Role of accountant
Accountants whether in business or in practice have a personal responsibility to deliver trust- to employees , investors, stakeholders and to each other . Investors and other users of financial statements rely on the financial information. Most of them do not have access to any other source of information. they trust the management , the auditors , the analysts . Trust is the foundation of all relationships whether at personal level or macro level .It is important for the economic growth and stability of countries and markets that this trust is not jeopardized.
Accountants have a major have a role to play in promoting and protecting the integrity and stability of the market which can be maximized when investors feel they are adequately protected against fraud and corruption and when they feel they can truly rely on financial information produced by companies.
The auditor’s opinion on the truth, fairness, accuracy etc. of the financial statement imposes a larger responsibility on the auditor, which transcends the relationship with the client. The external auditor has to maintain total independence from the client. The auditor is supposed to be watchdog. Government, creditors, investors and the business and financial community rely on the independence, objectivity and integrity of the auditors for maintaining confidence in operations of a company.

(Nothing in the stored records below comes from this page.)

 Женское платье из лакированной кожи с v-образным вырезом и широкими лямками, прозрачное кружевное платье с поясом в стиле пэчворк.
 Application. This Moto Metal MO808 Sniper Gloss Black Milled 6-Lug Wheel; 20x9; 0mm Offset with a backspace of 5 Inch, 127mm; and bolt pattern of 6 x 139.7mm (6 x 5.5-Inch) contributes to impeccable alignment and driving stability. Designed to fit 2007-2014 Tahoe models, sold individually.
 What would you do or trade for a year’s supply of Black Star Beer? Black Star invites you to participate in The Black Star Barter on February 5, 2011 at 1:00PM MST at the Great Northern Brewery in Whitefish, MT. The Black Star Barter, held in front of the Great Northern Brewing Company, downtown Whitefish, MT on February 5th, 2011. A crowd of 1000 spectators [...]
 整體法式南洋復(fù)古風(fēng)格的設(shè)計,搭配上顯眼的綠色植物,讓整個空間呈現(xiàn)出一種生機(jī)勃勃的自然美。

The typical audit opinion states:
We conducted our audits in accordance with auditing standards. Generally accepted in India. Those standards require that we plan and perform the audit to obtain reasonable assurance about whether the financial statements are free of material misstatement. An audit includes examining, on a test basis, evidence supporting the amounts and disclosures in the financial statements. An audit also includes assessing the accounting principles used and significant estimates made by management, as well as evaluating the overall financial statement presentation. We believe that our audits provide a reasonable basis for our opinion.

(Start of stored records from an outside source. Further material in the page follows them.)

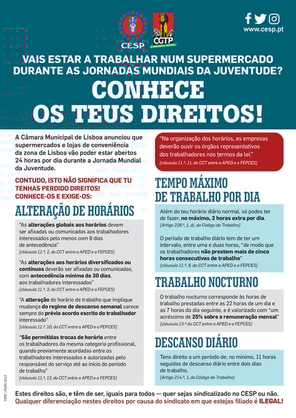 Vais estar a trabalhar num supermercado durante a Jornada Mundial da Juventude? CONHECE OS TEUS DIREITOS!
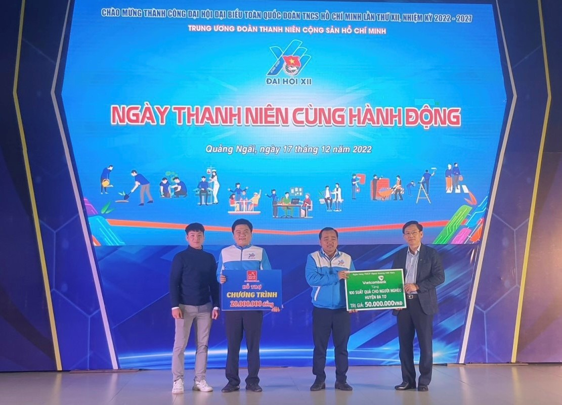 Tại buổi lễ phát động, Vietcombank Quảng Ngãi đã trao 100 suất quà tổng giá trị 50 triệu đồng cho các hộ dân có hoàn cảnh khó khăn trên địa bàn huyện Ba Tơ.
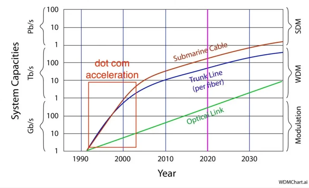 The AI data center buildout mirrors the build-out of optical fiber to offices and homes during the dot-com era.
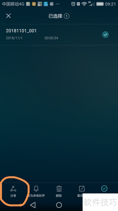 8、 长按音频文件,弹出对话框后,点击左下角的分享按钮即可完成分享操作。
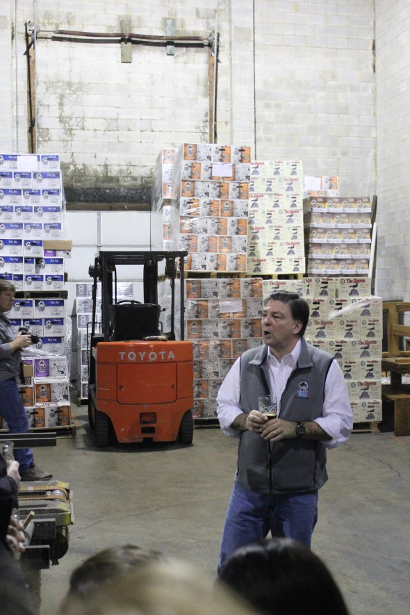 Our tour began in a large office like room with a small bar and several branded items for sale. This weekend tours were pretty large as they are being led by the founder Hugh Sisson. Hugh founded what is now known as Heavy Seas Beer in 1994 with a fellow friend and master brewmaster Ernesto Igot. (I overheard the woman in plaid behind the bar is actually Hugh’s daughter)

Roles & responsibilities of internal and external auditor
Internal Audit is a service to management. Its functions include examining and evaluating internal control and providing assurance to the management. It is a part of the organisation’s system of internal control and its scope includes ALL aspects of internal control, not just financial control.. The scope of internal audit is much wider than statutory/external audit. It should ideally cover all the organisation’s activities. They include:
Ö Financial audit –accuracy, completeness and fairness of financial statements
Ö Operational audit- effectiveness and efficiency of operations
Ö Safeguarding of assets
Ö Review of projects
Ö Management audit
Ö Fraud detection- developing fraud exposures for every audit and detecting red flags
Ö Review of effectiveness of internal control
Ö Compliance with laws, regulations, policies and procedures
Ö Preservation of ethical culture – monitor the ethical climate and report on red flags that may compromise ethics
Ö Providing advise on reducing waste or inefficiency
External auditors have to express an opinion on accuracy and fairness of financial information. An external audit programme encompasses a full-scope financial statement audit, an attestation of internal controls over financial reporting, or other agreed-upon external audit procedures.

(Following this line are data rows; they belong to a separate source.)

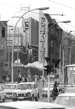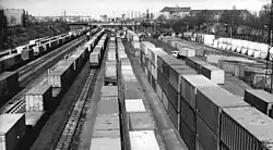 Von 1968 bis 1970 entstand im Bahnhofsgelände der erste Containerbahnhof der DDR, der von der Lichtenberger Seite der Bahn über eine eigens angelegte Zufahrtsstraße zugänglich war. Am 30. Juni 1968 fuhr von dort der erste Containerzug mit 30 Containern zum Überseehafen Rostock. Insgesamt 18 Aufstellflächen erlaubten den Umschlag von bis zu 1000 Containern am Tag, was von etwa 500 Berliner Betrieben genutzt wurde.[6] Als sichtbares Zeichen erhielt der Giebel eines Wohngebäudes an der Ecke Möllendorffstraße (damals: Jacques-Duclos-Straße) an der seinerzeit namenlosen Zufahrtsstraße ein Fassadenbild mit einem mit Container beladenen KamAZ-Lastkraftwagen.
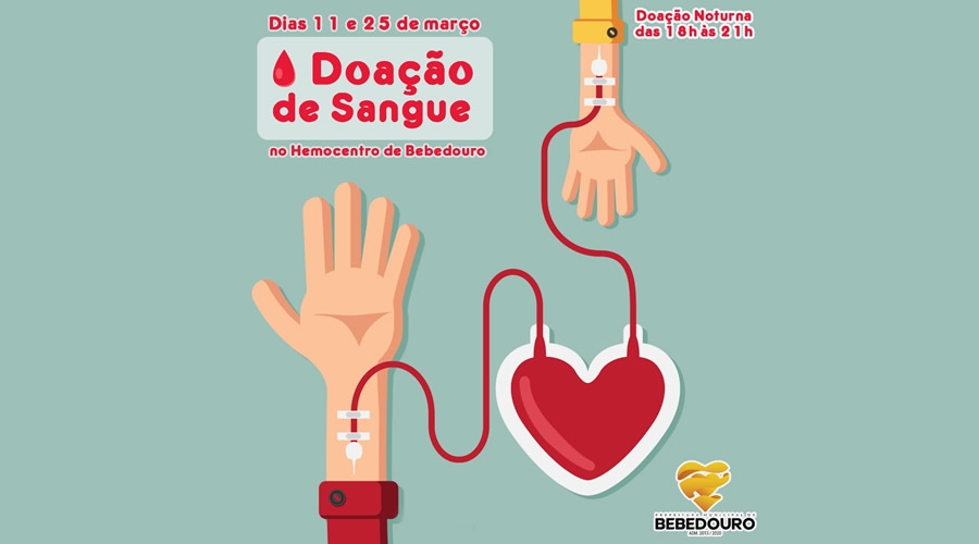 Na segunda-feira, a unidade do Hemocentro de Bebedouro, anexa ao Hospital Municipal Júlia Pinto Caldeira, realizará a coleta de sangue noturna das 18h às 21h. As duas coletas noturnas do mês serão nas segundas-feiras, dia 11 e 25 de março.
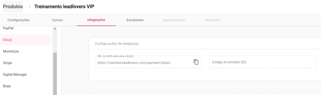 Nº4– Localize a opção Integração com o Eduzz e copie a URL de notificação. Essa URL será utilizada na Eduzz, salve em um bloco de notas.

A typical report includes inter alia, information on:
Although internal and external auditors have different and clearly defined roles they do share the same broad purpose of serving the public by helping to ensure the highest standards of regularity and propriety for the use resources and in promoting efficient, effective and economic administration. Co-ordination among them maximises the benefits, which can be gained from working together in areas where there is an overlap in the work to be done.
Proper coordination can lead to efficient and effective audits as there is no unnecessary duplication of efforts and auditors can focus on other tasks. With the increasing scandals and frauds, regulators are specifying newer requirements to increase the accuracy of financial reports. In this environment, coordination between auditors is one of the methods by which companies can improve their perceived trustworthiness.
Varied strengths increase effectiveness
By the nature of their responsibilities, internal auditors spend a lot of time working for the same company. This gives them a better understanding of the culture and working of the organisation. They notice things and come across instances, which the external auditor is unable to see during his visits. The external auditors on the other hand have exposure to wider variety of financial issues as they have multiple clients. External auditors may therefore discover and solve issues that internal auditors have not dealt with before.
Increase in efficiency
Coordination increases efficiency. When the audit is not properly coordinated, external auditors may duplicate work already performed by the internal auditors. This redundancy causes higher audit fees but does not increase the effectiveness of the audit. Similarly, internal auditors may duplicate external auditors work, which results in wasted internal audit time. Coordination increases the probability that the information companies release is accurate. Combined, the synergies realized through improved coordination add value to a company’s shareholders.
Better audit coverage
It is expected that elimination of redundant work will leave time and resources for better audit coverage.
Coordination reduces the time and efforts which the external auditor would expend on redundant work thus, reducing the audit fees. In most cases, the savings from co-ordination are greater than the cost incurred by the internal audit function to perform the work on which the external auditors rely.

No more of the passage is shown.